Wayang Kulit RW 11 Pudakpayung Sukses Besar, Wali Kota Semarang Turut Hadir

Sementara itu, Ketua RW 11 Pudakpayung, Sulistijono, SE.Ak.MSi, menyatakan bahwa tradisi apitan seperti ini merupakan warisan budaya turun-temurun. “Kegiatan atau tradisi melestarikan budaya yang ada di Pudakpayung ini memang sudah ada sejak dulu. Dimulai dari Dukuh Krajan, kemudian sampai di kita, yaitu di Dawung, termasuk di RW 11 ini,” terangnya.
Menurut Sulistijono, kegiatan apitan selalu diadakan di antara Idulfitri dan Iduladha. “Puncaknya dengan mengadakan kegiatan wayang kulit semalam suntuk. Tujuannya mengembangkan budaya yang sudah kita punya sejak dulu, yaitu melestarikan tradisi, menguri-uri budaya Jawa, wayang kulit,” ucapnya.
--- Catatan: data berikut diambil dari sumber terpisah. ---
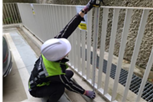 계단 내·외부 난간에 대하여 흔들림은 없는지, 폭은 적정한지, 추락 위험성은 없는지 등을 체크리스트에 따라 집중 점검했으며, 보수·보강이 필요한 시설은 즉시 안전조치 후 조속히 공사를 시행하여 안전사고를 예방하고 있다.

Ia menyebut, wayang kulit adalah potret kehidupan. “Jagat pewayangan adalah potret dari kita. Jadi apa-apa yang ada di cerita wayang itu merupakan potret dari kita: ada yang seperti Kurawa, Pandawa, dan semua ada di situ. Kita bisa mengambil hikmah dari cerita-cerita tersebut,” jelas Sulistijono.
Ia juga menambahkan bahwa kegiatan apitan didukung sepenuhnya oleh warga. “Bahkan dari luar RW juga ikut mendukung. Masyarakat sekaligus mengembangkan ekonomi. UMKM dan pedagang turut meramaikan di luar area pewayangan. Cukup banyak, untuk membina perekonomian masyarakat,” katanya.
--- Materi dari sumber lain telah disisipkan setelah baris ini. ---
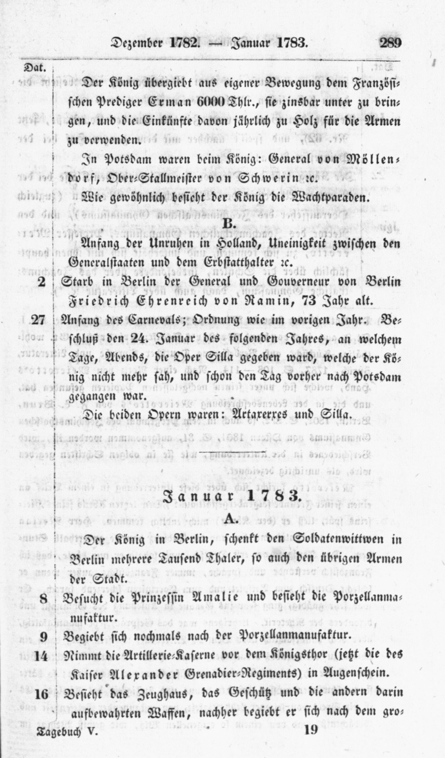 Anfang des Carnevals; Ordnung wie im vorigen Jahr. Beschluß den 24. Januar des folgenden Jahres, an welchem Tage, Abends, die Oper Silla gegeben ward, welche der König nicht mehr sah, und schon den Tag vorher nach Potsdam gegangen war.
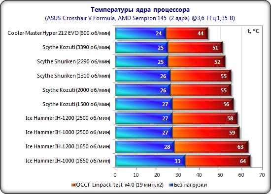 Наименее эффективными оказались два кулера Ice Hammer. Они проигрывают ближайшему конкуренту из Scythe два градуса Цельсия без учёта разницы в скорости вращения вентиляторов и уровня шума. А на примерно одинаковых скоростях (1650 и 1500 об/мин) Scythe оказывается эффективнее сразу на 6-7 градусов Цельсия, что может быть критично для корпусов стандарта HTPC. Вместе с этим нельзя не отметить, что даже такие маленькие и дешёвые кулеры справились с разгоном двухъядерного процессора AMD Sempron до 3,6 ГГц. Разница в эффективности между Ice Hammer IH-1000 HTPC и IH-1200 HTPC составила всего 1 градус Цельсия в каждом скоростном режиме.

RW 11 sendiri, kata Sulistijono, juga menyisipkan bentuk kreativitas baru. “Sebelum wayangan, kita gelar seni budaya untuk anak muda, seperti musik indie, tarian modern, dan sebagainya. Jadi kita mengikuti zaman yang ada, tapi tetap melestarikan budaya seperti wayang kulit dan jathilan yang telah kita gelar,” pungkasnya.
Pementasan ini menjadi penutup yang meriah dari seluruh rangkaian kegiatan Sedekah Bumi RW 11 Pudakpayung, yang dimulai dari pertunjukan jathilan siang hari, bazar UMKM, hingga puncaknya wayangan. Warga berharap tradisi ini bisa terus dilestarikan dan diwariskan kepada generasi muda.